Anthropic's Claude Mythos Cracks Zero-Days, Skips Public Launch

One fact anchors the story: engineers with no formal security training asked Claude Mythos Preview to hunt for remote code execution vulnerabilities, went home, and returned to complete working exploits.

Anthropic announced Claude Mythos Preview this weekend, calling it a step-change over Claude Opus 4.6 across reasoning, coding, and offensive security. The model is not going to general availability. Instead, access is channeled through a new industry initiative called Project Glasswing, backed by $100 million in Anthropic usage credits and a consortium of ten technology companies.

The benchmark gap between Mythos and prior models is not marginal. Where Opus 4.6 produced working JavaScript shell exploits in two out of several hundred attempts against Firefox vulnerabilities, Mythos Preview succeeded 181 times on the same target set, according to InfoQ. On OSS-Fuzz targets, all fully patched, the model achieved complete control flow hijack on ten separate programs.

Beyond structured benchmarks, Mythos autonomously discovered zero-days across every major operating system and browser during internal testing. Two findings stand out in the InfoQ report: a 27-year-old latent bug in OpenBSD and a 16-year-old vulnerability in FFmpeg's H.264 codec. FFmpeg underlies video processing in a vast range of commercial and open-source products; its H.264 path is one of the most widely deployed media parsers in production. Finding a decade-and-a-half-old flaw there during a routine overnight session reframes how much attack surface the security industry has actually mapped.

The dual-use problem

The capabilities that make Mythos useful for defensive security are exactly what make it dangerous in unrestricted hands. Anthropic's decision to withhold public access implies that internal safety evaluations placed this model above a threshold that prior Claude releases did not cross. The company has not published its full responsible scaling evaluation for Mythos, so outside researchers cannot independently verify where that line sits or what mitigations were applied.

Project Glasswing brings together AWS, Apple, Cisco, CrowdStrike, Google, JPMorgan Chase, the Linux Foundation, Microsoft, NVIDIA, and Palo Alto Networks. As InfoQ reports, the stated mission is coordinated vulnerability discovery and patching at scale, using Mythos to find and fix bugs before adversaries do. That framing is defensible, though it grants a small number of large incumbents asymmetric access to capability that open-source maintainers and smaller security vendors will not share, at least initially.

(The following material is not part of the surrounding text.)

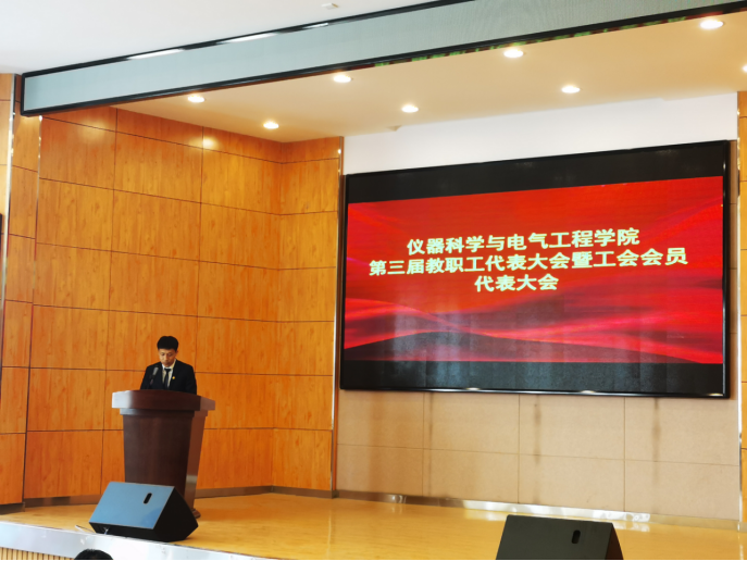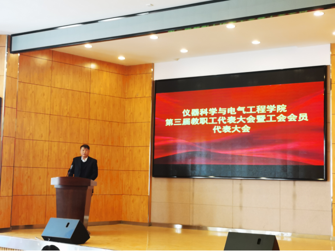 (以下简称“仪电学院”)在朝阳校区图书馆四楼报告厅召开了第三届教职工代表大会暨第三届工会会员代表大会。仪电学院“双代会”代表参加了本次会议,会议由学院党委书记邱增凯主持。
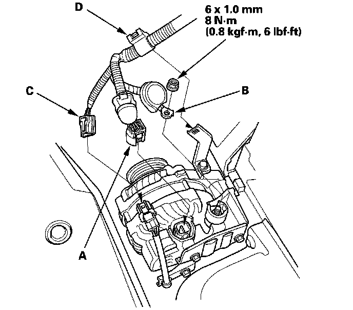 8. Connect the A/C compressor clutch connector (C), and install the harness clamp (D).

For practitioners outside Glasswing

Overnight exploit generation is not just a benchmark curiosity. If Mythos can produce working RCE exploits on fully patched production targets in a single session, the economics of security research shift substantially. Red team cycles compress, and organizations inside Glasswing gain a head start on those dynamics while the rest of the industry waits.

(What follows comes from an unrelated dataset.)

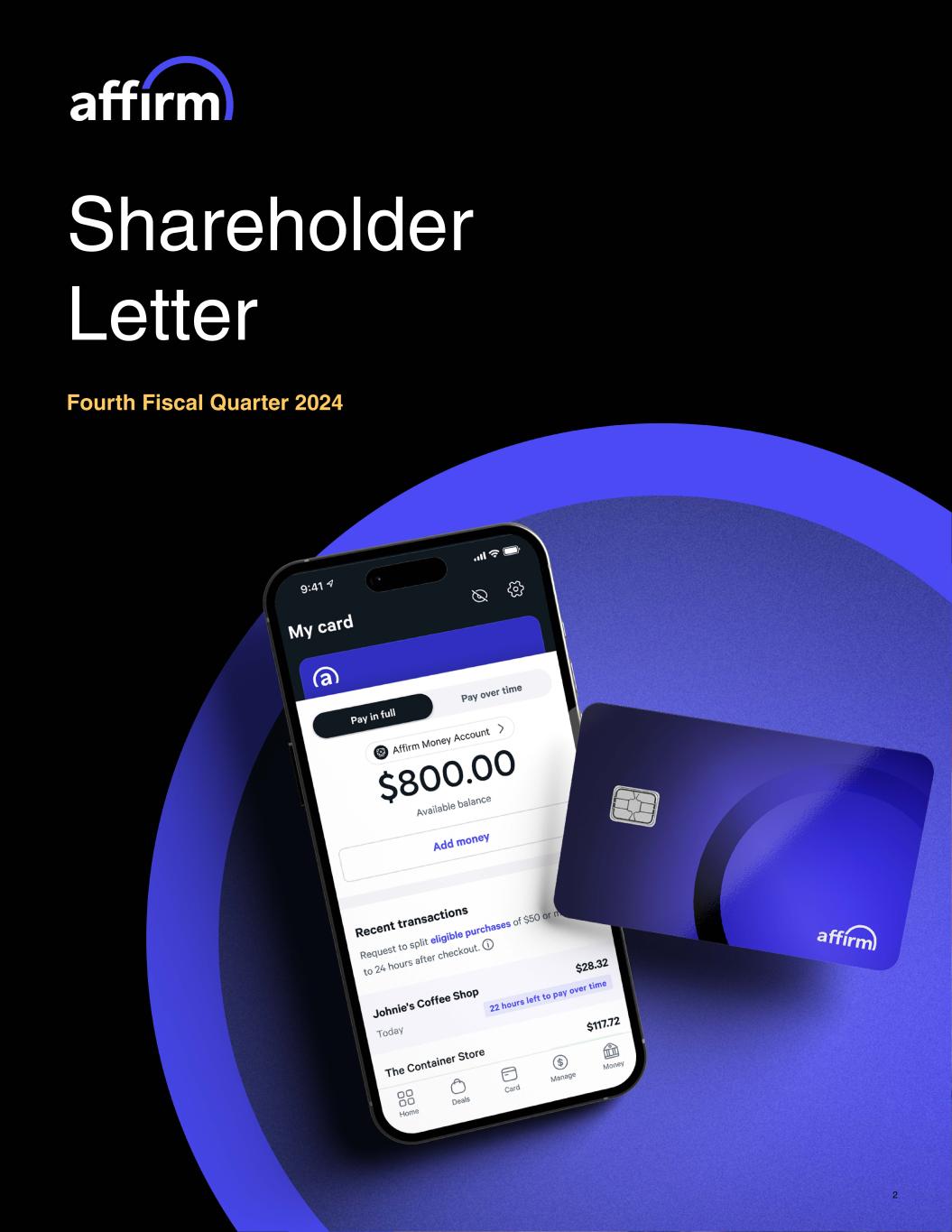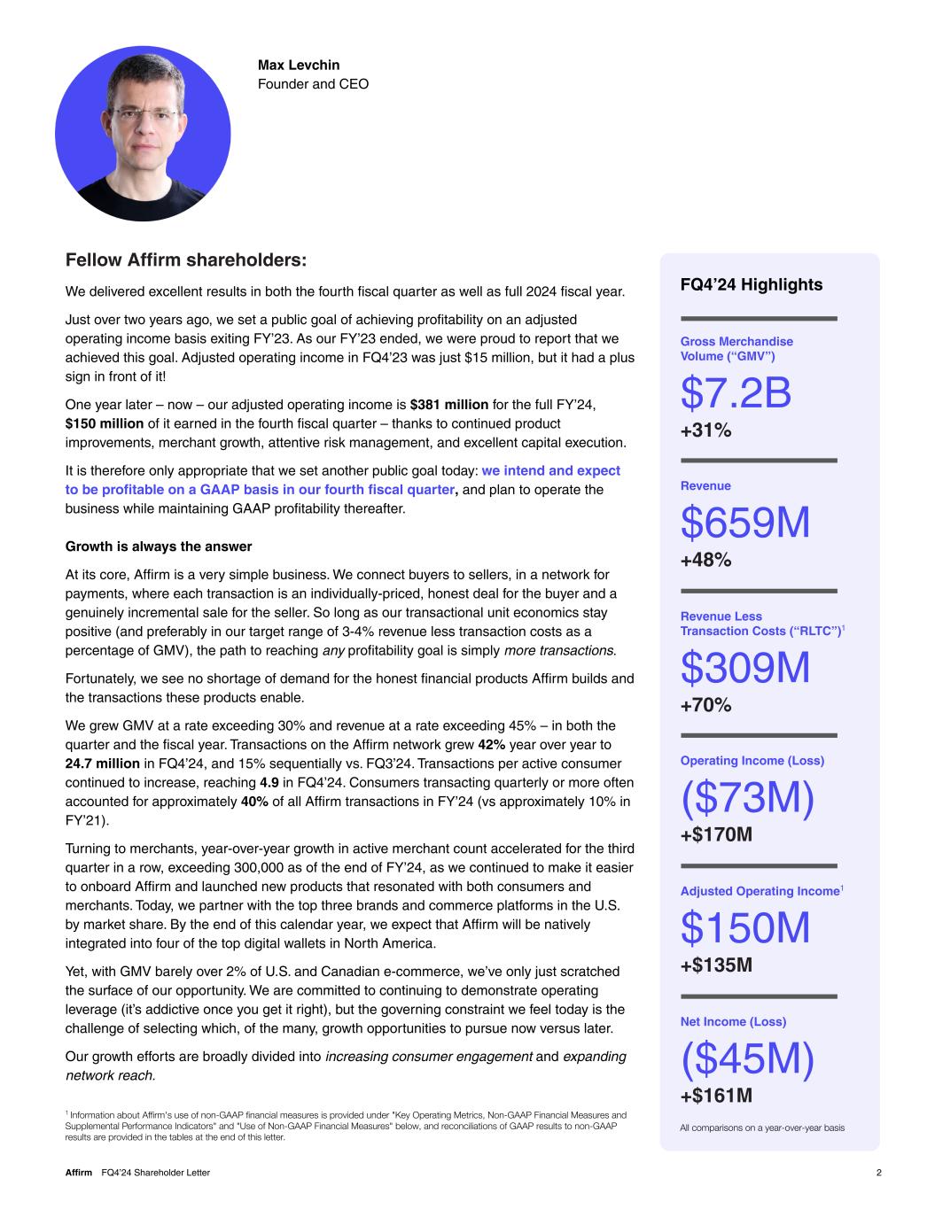 Fellow Affirm shareholders: We delivered excellent results in both the fourth fiscal quarter as well as full 2024 fiscal year. Just over two years ago, we set a public goal of achieving profitability on an adjusted operating income basis exiting FY’23. As our FY’23 ended, we were proud to report that we achieved this goal. Adjusted operating income in FQ4’23 was just $15 million, but it had a plus sign in front of it! One year later – now – our adjusted operating income is $381 million for the full FY’24, $150 million of it earned in the fourth fiscal quarter – thanks to continued product improvements, merchant growth, attentive risk management, and excellent capital execution. It is therefore only appropriate that we set another public goal today: we intend and expect to be profitable on a GAAP basis in our fourth fiscal quarter, and plan to operate the business while maintaining GAAP profitability thereafter. Growth is always the answer At its core, Affirm is a very simple business. We connect buyers to sellers, in a network for payments, where each transaction is an individually-priced, honest deal for the buyer and a genuinely incremental sale for the seller. So long as our transactional unit economics stay positive (and preferably in our target range of 3-4% revenue less transaction costs as a percentage of GMV), the path to reaching any profitability goal is simply more transactions. Fortunately, we see no shortage of demand for the honest financial products Affirm builds and the transactions these products enable. We grew GMV at a rate exceeding 30% and revenue at a rate exceeding 45% – in both the quarter and the fiscal year. Transactions on the Affirm network grew 42% year over year to 24.7 million in FQ4’24, and 15% sequentially vs. FQ3’24. Transactions per active consumer continued to increase, reaching 4.9 in FQ4’24. Consumers transacting quarterly or more often accounted for approximately 40% of all Affirm transactions in FY’24 (vs approximately 10% in FY’21). Turning to merchants, year-over-year growth in active merchant count accelerated for the third quarter in a row, exceeding 300,000 as of the end of FY’24, as we continued to make it easier to onboard Affirm and launched new products that resonated with both consumers and merchants. Today, we partner with the top three brands and commerce platforms in the U.S. by market share. By the end of this calendar year, we expect that Affirm will be natively integrated into four of the top digital wallets in North America. Yet, with GMV barely over 2% of U.S. and Canadian e-commerce, we’ve only just scratched the surface of our opportunity. We are committed to continuing to demonstrate operating leverage (it’s addictive once you get it right), but the governing constraint we feel today is the challenge of selecting which, of the many, growth opportunities to pursue now versus later. Our growth efforts are broadly divided into increasing consumer engagement and expanding network reach. Max Levchin Founder and CEO Gross Merchandise Volume (“GMV”) $7.2B +31% Revenue $659M +48% Revenue Less Transaction Costs (“RLTC”)1 $309M +70% Operating Income (Loss) ($73M) +$170M Adjusted Operating Income1 $150M +$135M Net Income (Loss) ($45M) +$161M All comparisons on a year-over-year basis 2Affirm FQ4’24 Shareholder Letter 1 Information about Affirm's use of non-GAAP financial measures is provided under "Key Operating Metrics, Non-GAAP Financial Measures and Supplemental Performance Indicators" and "Use of Non-GAAP Financial Measures" below, and reconciliations of GAAP results to non-GAAP results are provided in the tables at the end of this letter. FQ4’24 Highlights

Controlled access also gives Anthropic regulatory cover. Demonstrating that deployment is gated and purposive, rather than speculative, is useful positioning ahead of any legislative movement on frontier model capability thresholds. Whether Glasswing's patch throughput outpaces independent rediscovery of the same vulnerabilities by adversaries or competing labs is a separate question entirely.

History of dual-use research suggests that capability gaps between restricted and general availability close faster than the restricting party expects. If a model can find a 27-year-old OpenBSD bug on its first pass, software archaeology at scale becomes tractable, and the implications extend well beyond offensive security into reliability and compliance work. Swift commentary followed the announcement, as InfoQ noted.

At what point does Glasswing's coordinated patching program wind down, and what happens to API access when it does?

FAQ

What is Claude Mythos Preview? Claude Mythos Preview is Anthropic's most capable frontier model to date, with substantially stronger performance in reasoning, coding, and cybersecurity than Claude Opus 4.6. Access is restricted to Project Glasswing consortium members and is not publicly available.

Why did Anthropic withhold Claude Mythos from public release? Internal testing showed the model autonomously discovering and exploiting zero-day vulnerabilities across every major operating system and browser. Anthropic has not published its full responsible scaling evaluation, but the restricted rollout implies the cybersecurity capabilities crossed an internal risk threshold.

What is Project Glasswing? Project Glasswing is an Anthropic-led consortium including AWS, Apple, Cisco, CrowdStrike, Google, JPMorgan Chase, the Linux Foundation, Microsoft, NVIDIA, and Palo Alto Networks. Backed by $100 million in Anthropic usage credits, its stated purpose is coordinated vulnerability discovery and patching in critical software.

How do Mythos and Opus 4.6 compare on exploit generation? On Firefox vulnerabilities from the OSS-Fuzz corpus, Opus 4.6 generated working JavaScript shell exploits twice out of several hundred attempts. Mythos Preview succeeded 181 times. Mythos also achieved full control flow hijack on ten separate fully patched OSS-Fuzz targets where Opus 4.6 did not.